Once the line containing "ちゅうりっぷ組、たんぽぽ組、" is reached, copy it and every line after it exactly, to the end of the material, without pictures.
┏━━
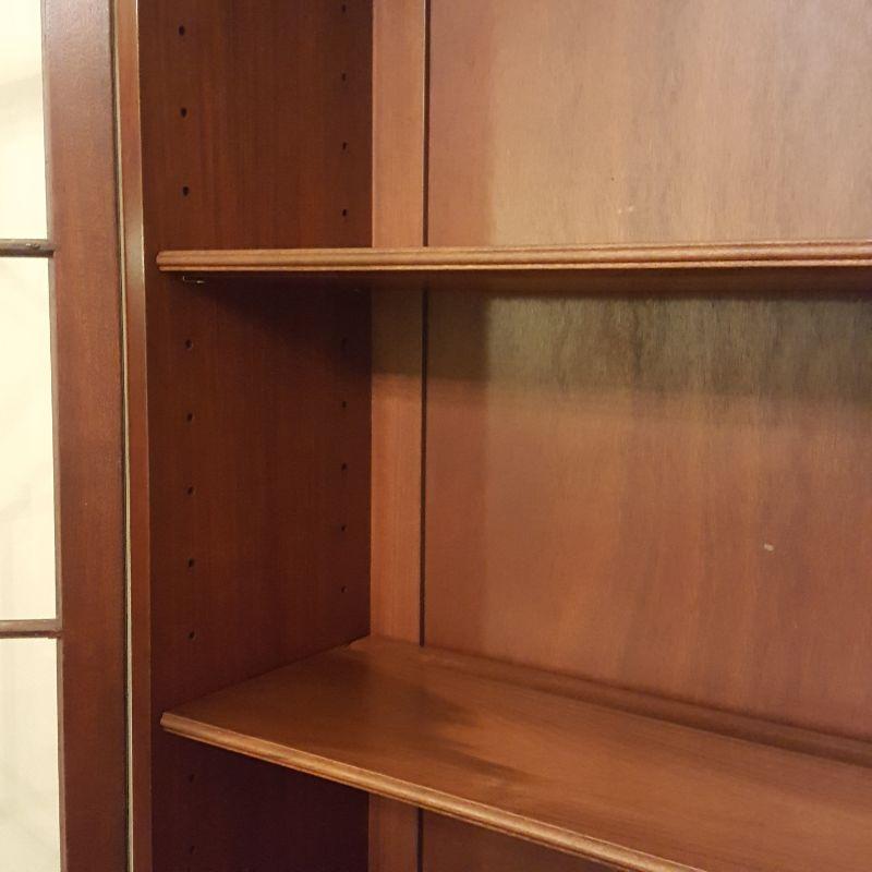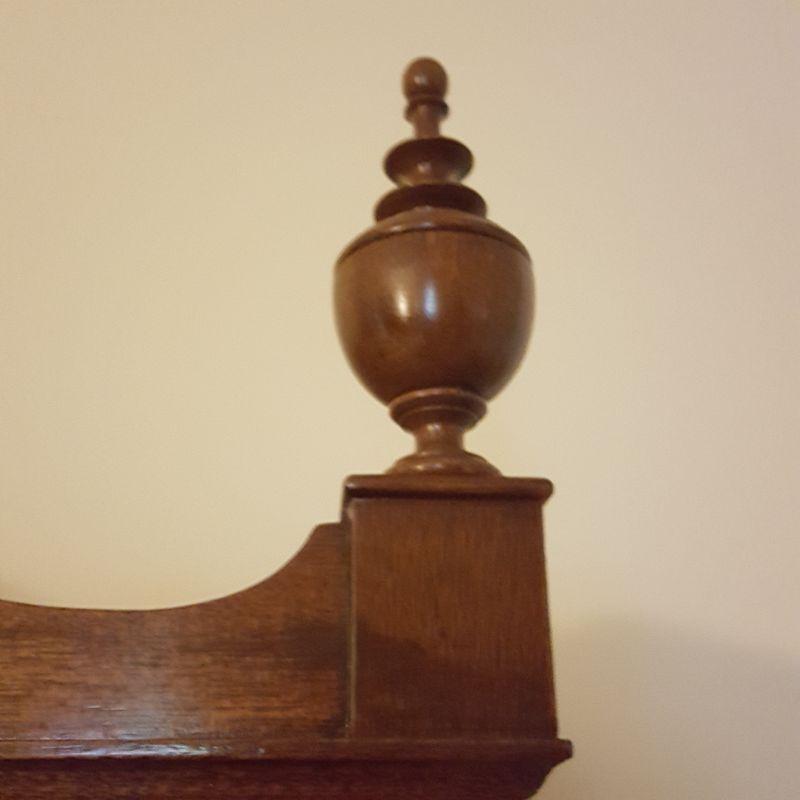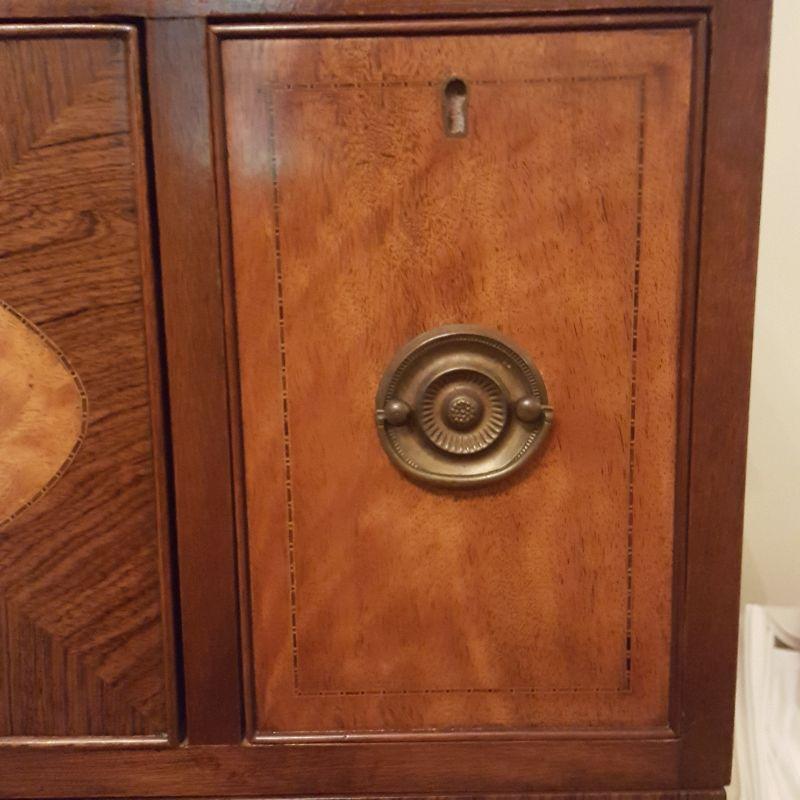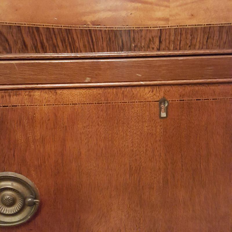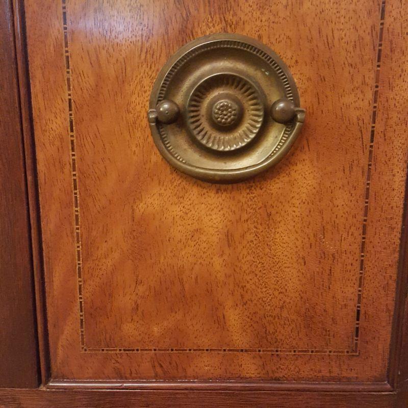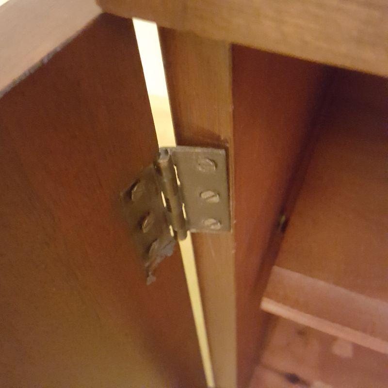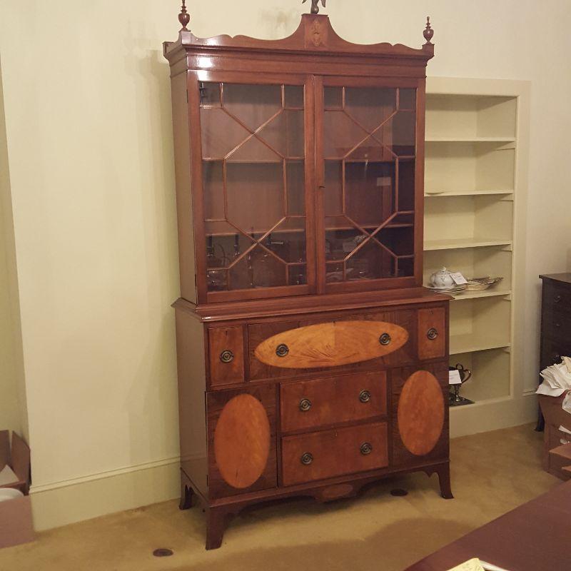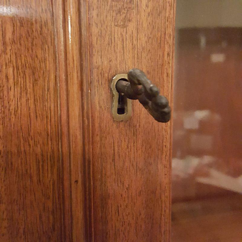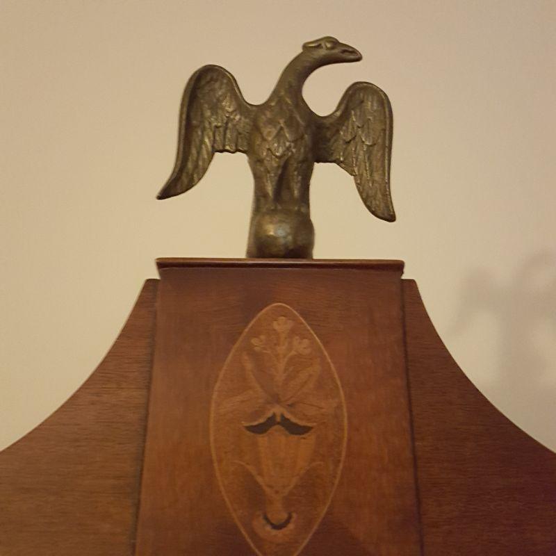 This beautiful hutch called Marlboro Manor by Sacks features inlay wood work, a metal bird perched at the top, a glass cabinet and 5 drawers and 2 cabinets. The glass hutch does come off the base for easy transport. There is wear at the feet of the hutch, and the left lower cabinet needs the screws tightened and a stain on the bottom shelf, see pictures. There is also a few nicks on the drawer. Other than these minor blemishes, it’s a beauty that has many stories to tell. The hutch comes with a key to lock the glass top and all the drawers. This piece measures 48x19x91 inches. The 91" is to the top of the bird. There is 8 inches from the glass cabinet to the edge of the base cabinet, see pictures.
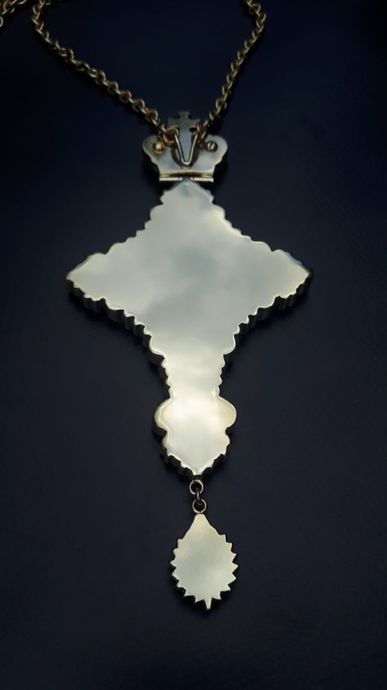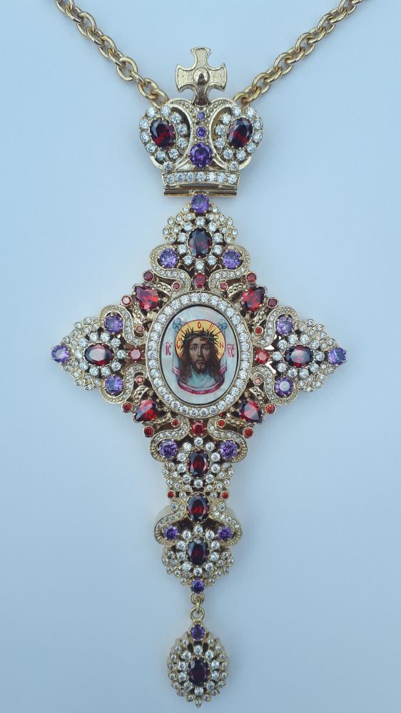 Крест наперсный. Рисунок - ручная роспись на перламутре. Размеры: 176х80 мм. Вес: 150 г. Золоченая латунь. Камни - цирконий. Цепь и футляр в комплекте. Возможно изменение цвета камней, рисунка, изготовление креста в серебре.
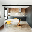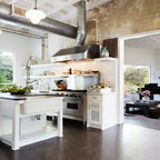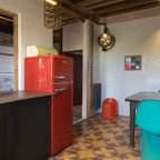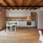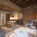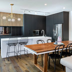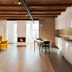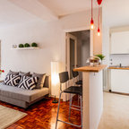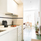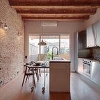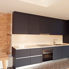 Geschlossene, Mittelgroße Eklektische Küche ohne Insel in L-Form mit Unterbauwaschbecken, flächenbündigen Schrankfronten, schwarzen Schränken, hellem Holzboden, Küchengeräten aus Edelstahl und Küchenrückwand in Braun in Barcelona — Houzz
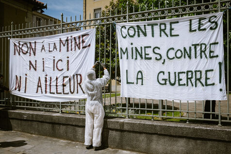Demonstration by various local associations against the relaunch of mining projects in Ariège (and more specifically the reopening of the former Salau tungsten mine) in Foix, southwest France on May 24, 2025.
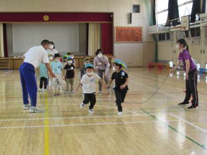 ちゅうりっぷ組、たんぽぽ組、すみれ組のみんなにいろいろな運動を教えてくれるみんなの大好きな先生です。
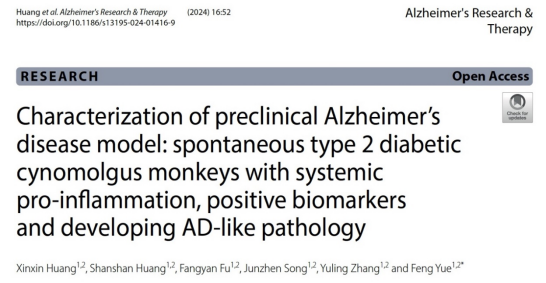 岳峰教授课题组在《Alzheimer's Research & Therapy》(中科院1区神经科学领域Top期刊,IF: 9.0)在线发表题为“Characterization of preclinical Alzheimer's disease model: spontaneous type 2 diabetic cynomolgus monkeys with systemic pro-inflammation, positive biomarkers and developing AD-like pathology”的研究成果。
┗━━
- **Reply to the task**
 ちゅうりっぷ組、たんぽぽ組、すみれ組のみんなにいろいろな運動を教えてくれるみんなの大好きな先生です。
 岳峰教授课题组在《Alzheimer's Research & Therapy》(中科院1区神经科学领域Top期刊,IF: 9.0)在线发表题为“Characterization of preclinical Alzheimer's disease model: spontaneous type 2 diabetic cynomolgus monkeys with systemic pro-inflammation, positive biomarkers and developing AD-like pathology”的研究成果。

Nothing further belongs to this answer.